======== Input data
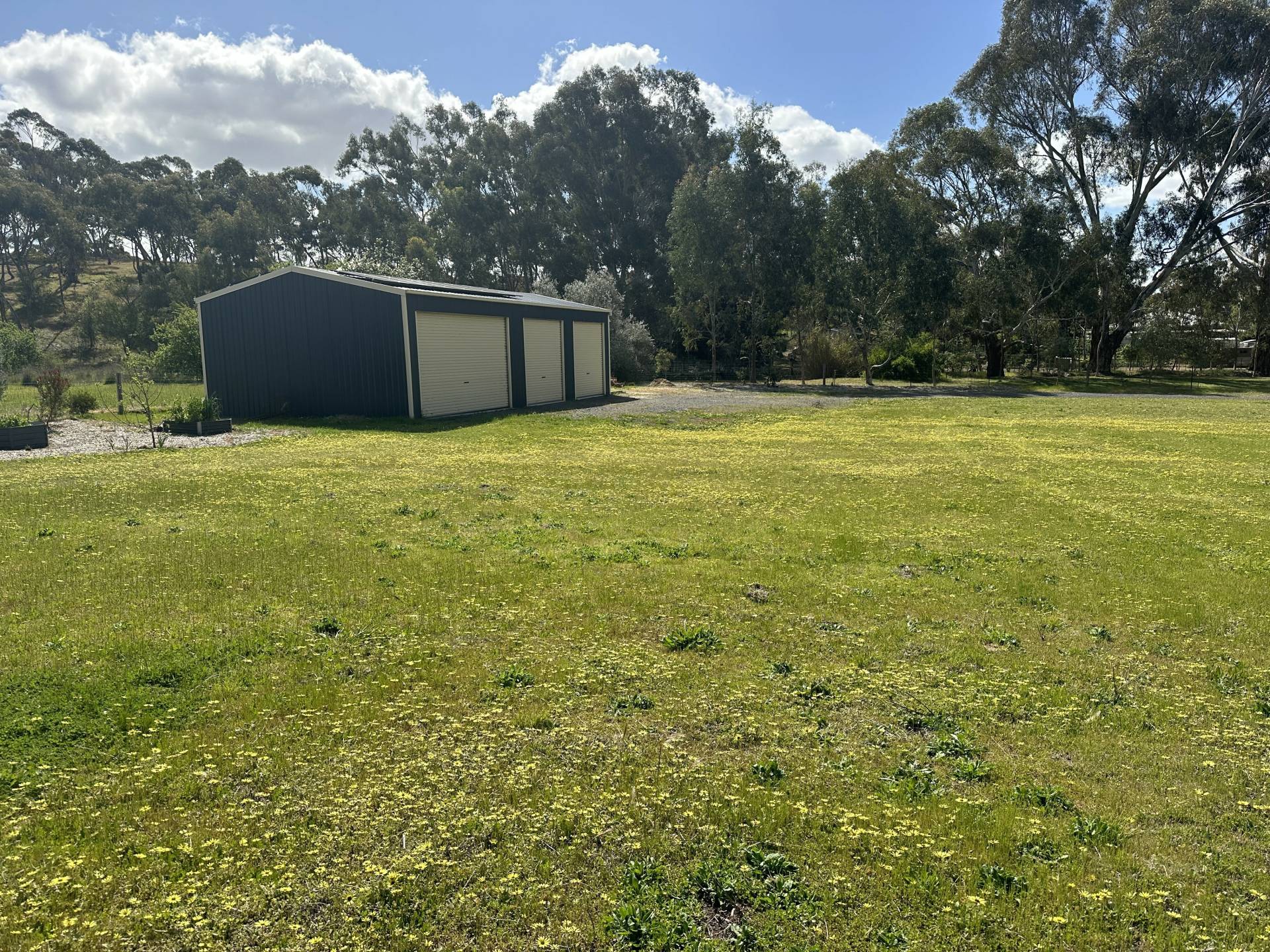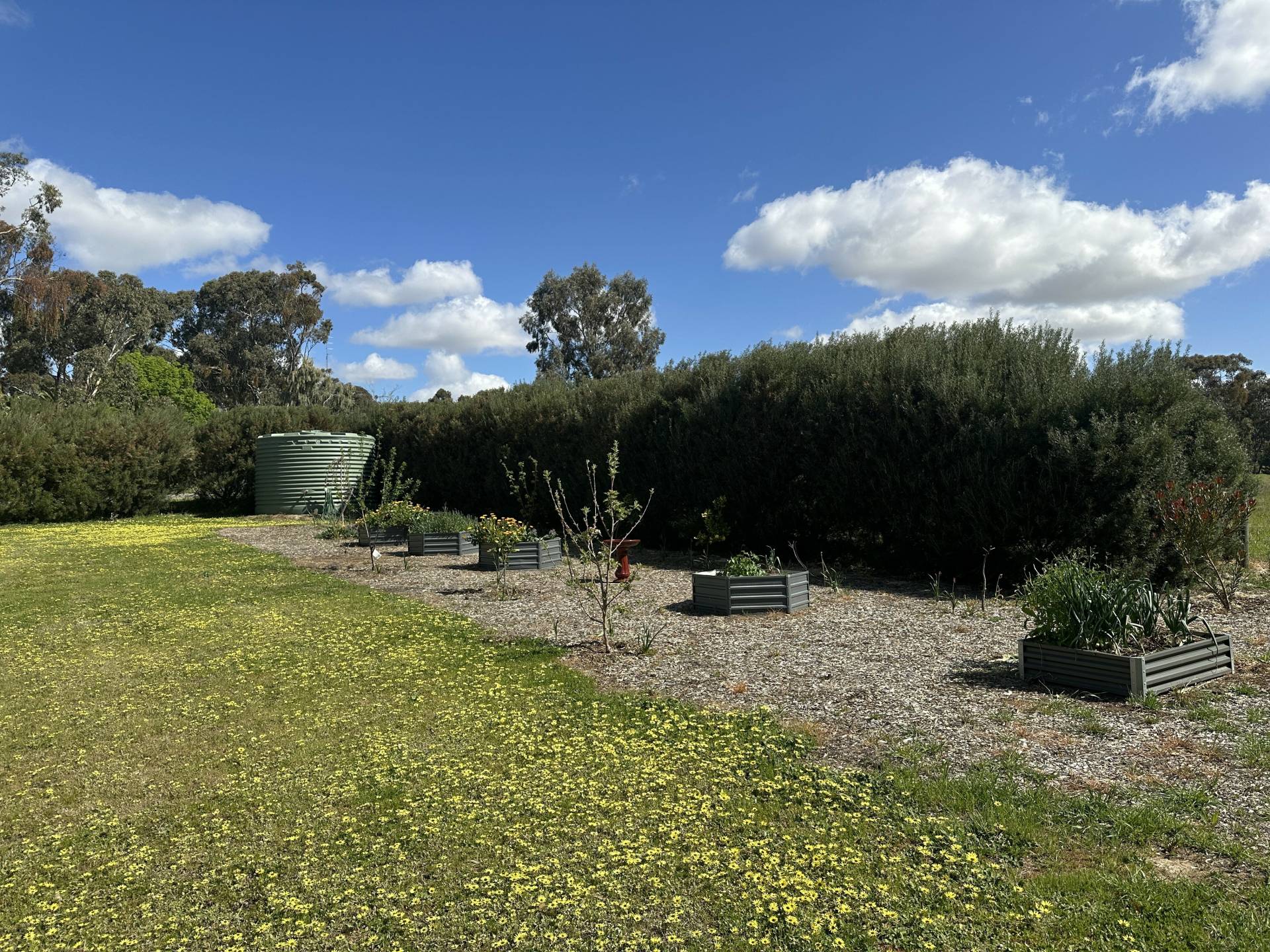 • Raised vegetable beds, established garden and trees
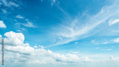 A serene blue sky filled with fluffy white clouds, creating a peaceful and calming atmosphere, perfect for backgrounds and designs
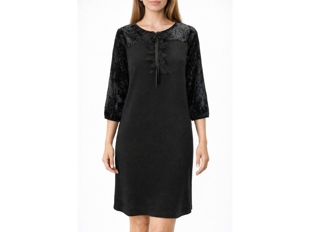 Elegantné dámske šaty Expresso v čiernej farbe s 3/4 rukávmi v imitácii zamatu. Zdobené čipkou a romantickou mašličkou pre dokonalý ženský vzhľad. Materiál 99% viskóza a 1% elastan zaisťuje maximálne pohodlie pri nosení. Dostupné vo veľkostiach 36, 38, 40 a 46. Ideálne pre elegantné príležitosti, do práce alebo na večierky.
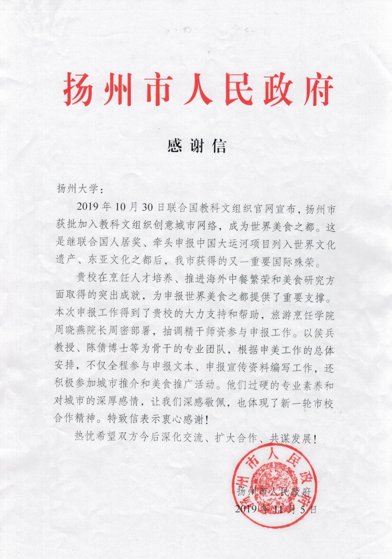 扬州市人民政府对我院在申报美食之都工作中的贡献表示感谢
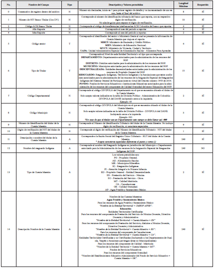 | 6 | Tipo Titular | T | Corresponde al Nivel Territorial de cada Entidad Territorial o al tipo de titular que corresponda. DEPARTAMENTO: Departamentos autorizados para la administración de los recursos del SGP. DISTRITO: Distritos autorizados para la administración de los recursos del SGP. MUNICIPIO: Municipios autorizados para la administración de los recursos del SGP. DESCENTRALIZADA: Entidades Descentralizadas autorizadas para la administración de los recursos de Propósito General del SGP. RESGUARDO: Resguardos Indígenas, Territorios Indígenas y las Asociaciones que estos conformen-autorizados para la administración de los recursos de la Asignación Especial de Resguardos Indígenas del Sistema General de Participaciones en virtud del Decreto número 1953 de 2014. FONDO: Fondos de Servicios Educativos o Instituciones Educativas autorizados para la administración de los recursos del componente de Calidad Gratuidad del sector Educación del SGP. | 15 | SÍ |
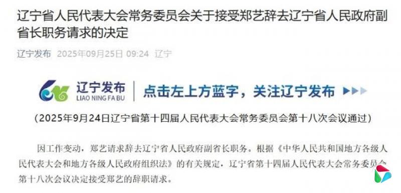 9月25日,据辽宁发布,因工作变动,郑艺请求辞去辽宁省人民政府副省长职务。根据《中华人民共和国地方各级人民代表大会和地方各级人民政府组织法》的有关规定,辽宁省第十四届人民代表大会常务委员会第十八次会议决定接受郑艺的辞职请求。
================
Set the lines above down again, word for word, from the first through the one containing "扬州市人民政府对我院在申报美食之都工作中的贡献表示感谢"; pictures excluded.

 • Raised vegetable beds, established garden and trees
 A serene blue sky filled with fluffy white clouds, creating a peaceful and calming atmosphere, perfect for backgrounds and designs
 Elegantné dámske šaty Expresso v čiernej farbe s 3/4 rukávmi v imitácii zamatu. Zdobené čipkou a romantickou mašličkou pre dokonalý ženský vzhľad. Materiál 99% viskóza a 1% elastan zaisťuje maximálne pohodlie pri nosení. Dostupné vo veľkostiach 36, 38, 40 a 46. Ideálne pre elegantné príležitosti, do práce alebo na večierky.
 扬州市人民政府对我院在申报美食之都工作中的贡献表示感谢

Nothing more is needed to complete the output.